Y a-t-il une souveraineté réelle des États-Unis ? Oui. Cette souveraineté n'exclut pas les conflits avec ces entreprises, les rapports de force, les coups de force, les oppositions, les alliances. Globalement, le système ne cesse de se renforcer, de progresser et de se développer. L'une de ces sociétés a une trésorerie supérieure à l'État fédéral. Un transporteur vient d'entrer en bourse avec une valorisation de 100 milliards de dollars, équivalente à celle de l'ensemble du transport dans le monde. Cette valorisation est soutenue par tout un système. Il n'y a pas de chef d'orchestre, mais des musiciens qui s'entendent bien.
L'Europe, elle, a très peu à voir avec la souveraineté. Elle fait du droit, elle administre. On peut comparer cela à la construction d'un château de cartes en commençant par celles du haut, sans les fondations que sont le territoire, la frontière et la règle. Le Règlement général sur la protection des données (RGPD) est le fruit d'une formidable prise de conscience, mais comment l'appliquer ? La captation des données est fondée sur le consentement individuel, or vous comme moi-même y consentons tous les jours à de nombreuses reprises, distraitement, pour accéder au contenu. C'est une parodie, une fantasmatique de droit, sans les bases solides de la souveraineté. C'est bien, mais insuffisant. Le RGPD donne certes la possibilité de taxer des entreprises sur leur chiffre d'affaires, mais sera-t-il reconnu à l'extérieur des frontières européennes ?
Je ne sais pas quel a été le résultat des initiatives d'Arnaud Montebourg, mais il a contribué, avec son panache, à la prise de conscience.
En affirmant que nous n'avons pas de problème d'ingénieurs, je voulais dire que nous n'avons pas besoin de confier nos protocoles de chiffrement à des acteurs étrangers. L'Agence nationale de sécurité des systèmes d'information en est tout à fait capable, pour la défense de la nation.
Le cloud national m'inspire les mêmes réserves que le RGPD. Nous utilisons pour cela des serveurs de marque étrangère, qui relèvent du Patriot Act, du Cloud Act. Rien ne protège les données ni ne fonde leur statut : c'est incantatoire.
Je ne crois pas que le grand public ait pris conscience du problème. Le peuple français est habitué aux règles en tout genre : un décret fixe la hauteur des margelles dans les piscines municipales... Le citoyen se sent en confiance dans cet environnement. L'internet est perçu sous cet angle : il est légal, donc il est sans doute protégé. Il appartient à l'État de garantir la sécurité de tous dans cet espace, ce qui ressort du droit. Il devrait être interdit de donner accès à son carnet d'adresses à une application, sauf si celle-ci a été expressément autorisée à demander cet accès.
Le plus dur est la prise de conscience.
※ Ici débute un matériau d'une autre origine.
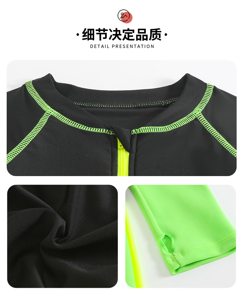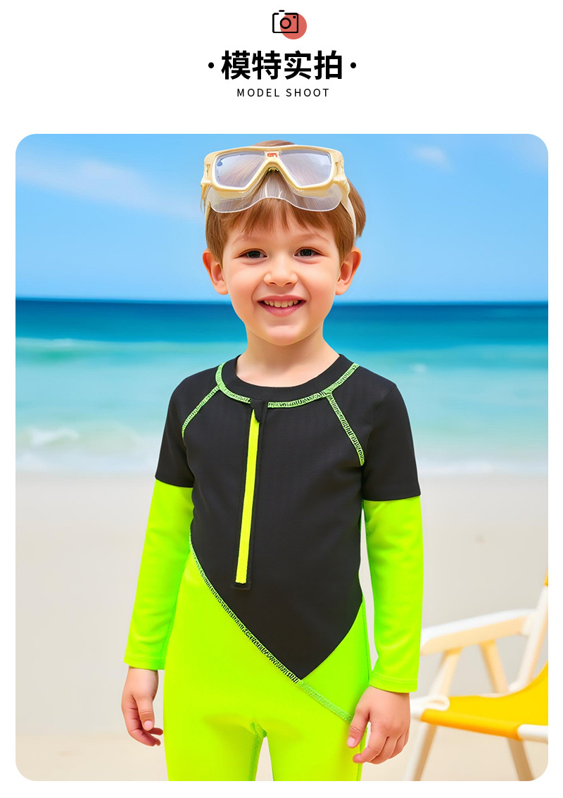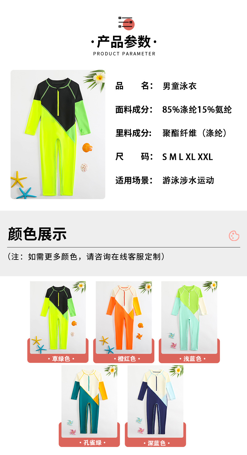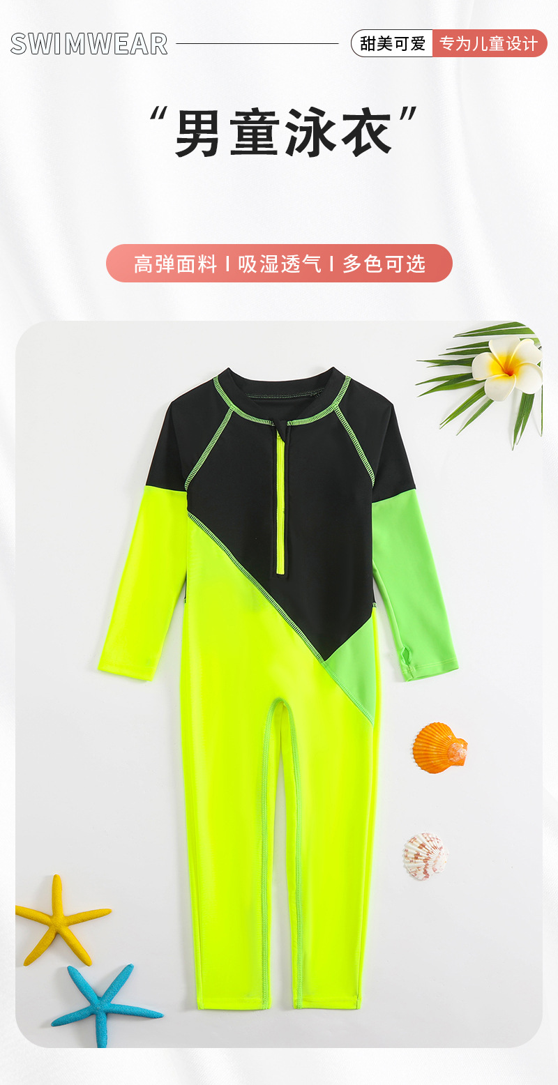 새로운 대비 색상 수영복 접합 디자인 소년 야외 태양 보호 원피스 수영복 속건성 긴팔 소년 수영복스토어 가기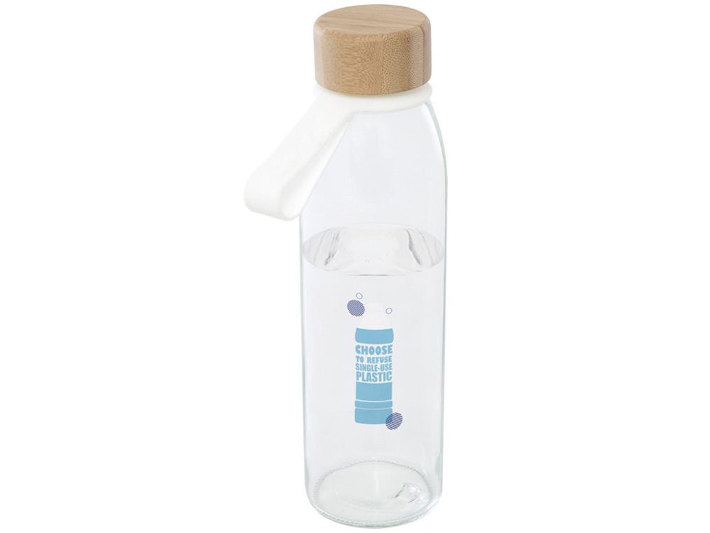 Одностенная стеклянная бутылка для воды с завинчивающейся бамбуковой крышкой, произведенной из более устойчивых и социально ответственных источников. В комплект входит удобный силиконовый ремешок для удобной переноски. Поставляется в подарочной коробке из переработанного картона. Объем: 500 мл. Стекло, FSC certified bamboo. упаковка FSC Mix Credit P5.1 CU-COC-877277. FSC 100% N5 CU-COC-877277.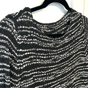 Eileen Fisher Women's Black and White Striped Nubbly Cotton Sweater in Size XL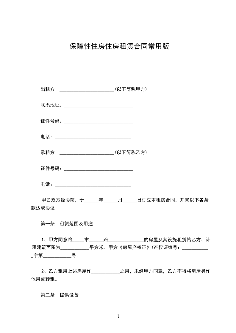 一、甲方将位于__________________租赁给乙方。甲方对所出租的房屋具有合法产权。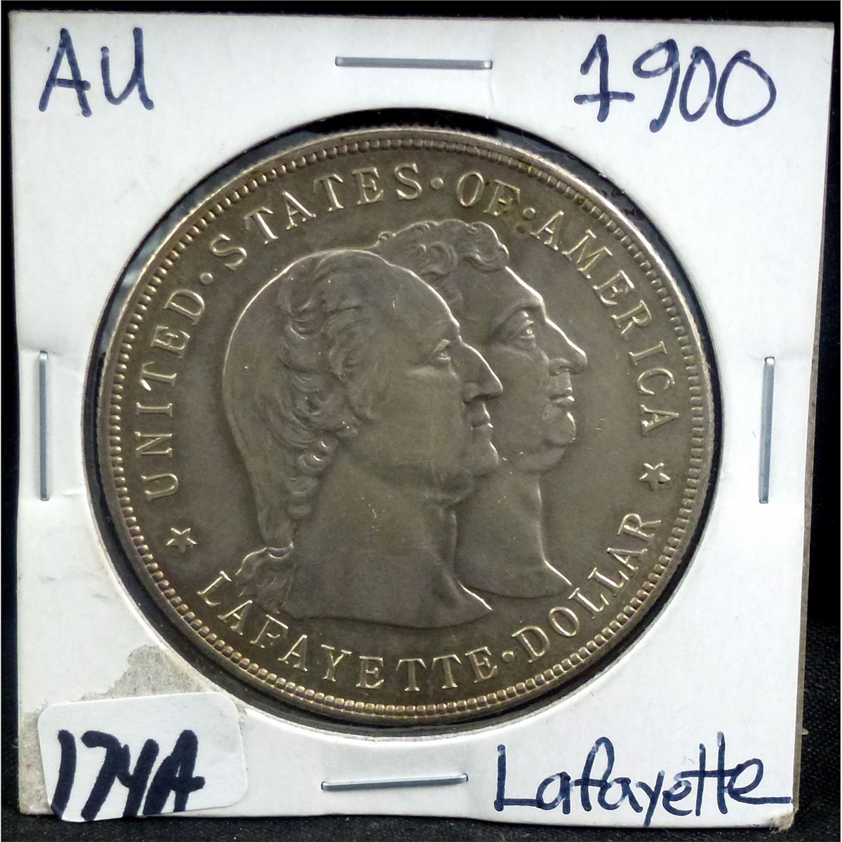 1900 "LAFAYETTE" COMMEMORATIVE DOLLAR - SELLER GRADES AT AU (THE CURRENT COIN WORLD TRENDS LISTS AN AU50 @ $500.00 AND AN MS60 @ $850.00)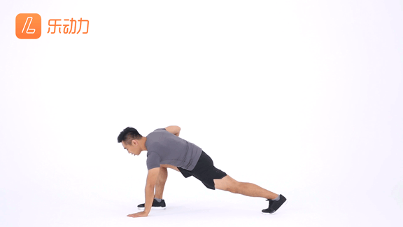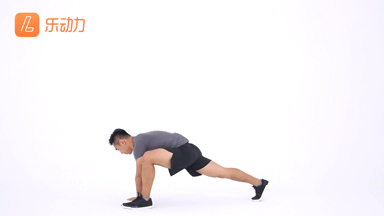 Step 1. 预备姿势如弓步,右脚向前迈出一大步,接着俯身将左手手掌触地,重心放于左手和右脚。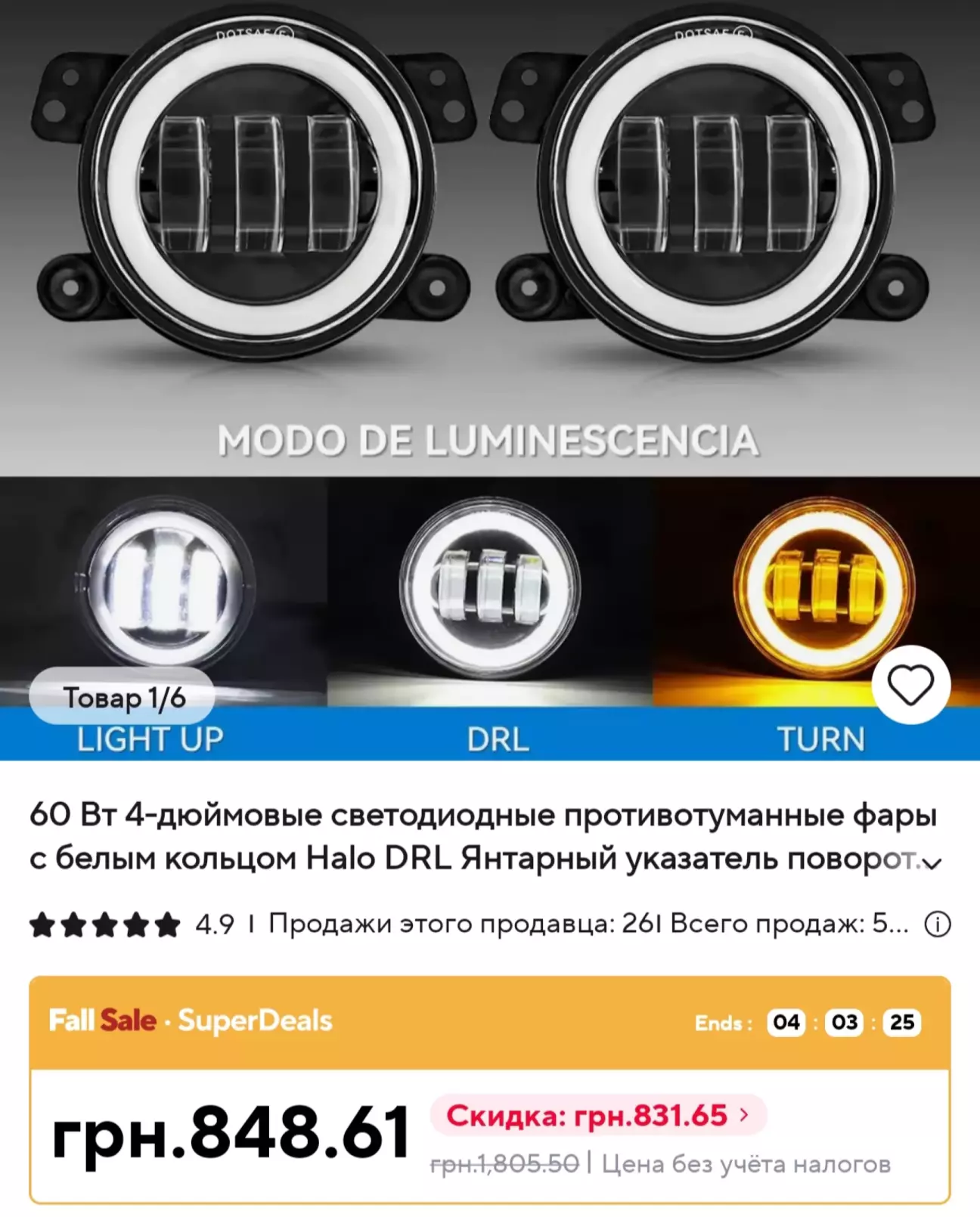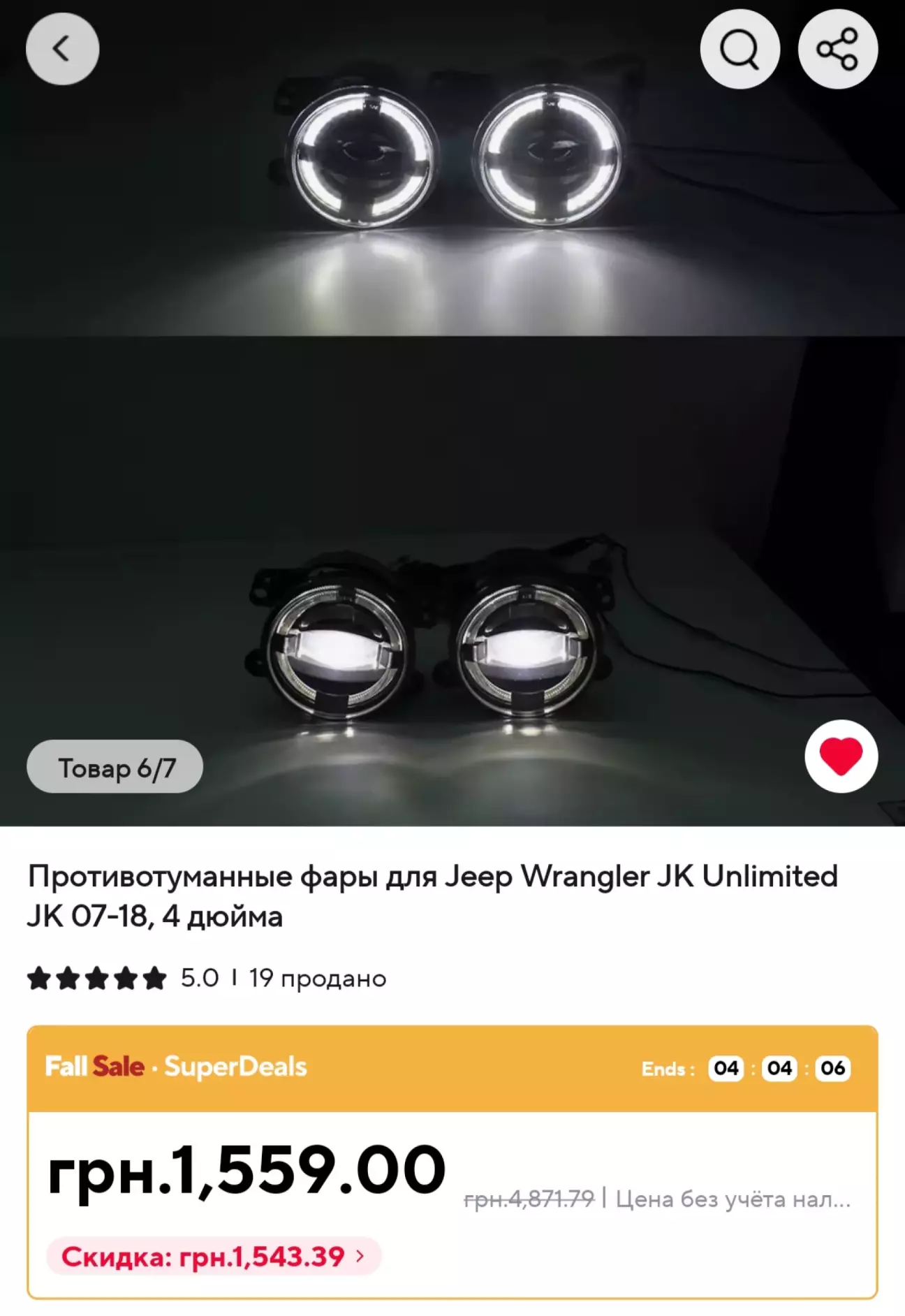 На багатьох протитуманках в описі було написано, що вони підходять практично до всіх автомобілів, і я чомусь вирішив, що всі протитуманки одного розміру, універсальні. Тут я натрапив на картку товару протитуманок для Jeep, на які була знижка, а ще в них були повторювачі поворотів, в результаті їх і замовив.

De plus en plus d'événements nous obligeront pourtant à mettre en place cette souveraineté numérique : il faudra protéger nos centrales, nos infrastructures. Avoir recours à des systèmes d'exploitation étrangers pour les protéger revient à sous-traiter les douanes. Il deviendra inacceptable pour la population que des données aussi cruciales ne soient pas protégées.
D'après les études, ce sentiment est en train de monter. Un tiers des citoyens sont inquiets : cela constitue un socle d'opinion publique. Il y a également une prise de conscience des élites. Il y a enfin un moment politique, et ce moment est maintenant, pour créer le premier domino du bien commun souverain. À l'image du pâté d'alouette, il suffit d'un peu de souverain dans le réseau pour que tout le devienne. Rien ne nous empêche de nouer des alliances internationales : Thierry Breton a évoqué un Schengen des données.
Enfin, toutes ces données doivent être stockées dans nos serveurs. On crée ainsi un socle et une industrie. En Allemagne, pays le plus protecteur des données au monde, les sociétés américaines font appel à des prestataires allemands pour garantir que les données captées seront protégées.
Voyez les enceintes connectées : elles sont très utiles, mais en échange, nous acceptons des micros chez nous. Ne renonçons pas à ces services qui améliorent notre vie, mais ne les payons pas de notre vie privée, car un opérateur pourra s'en servir pour orienter nos choix.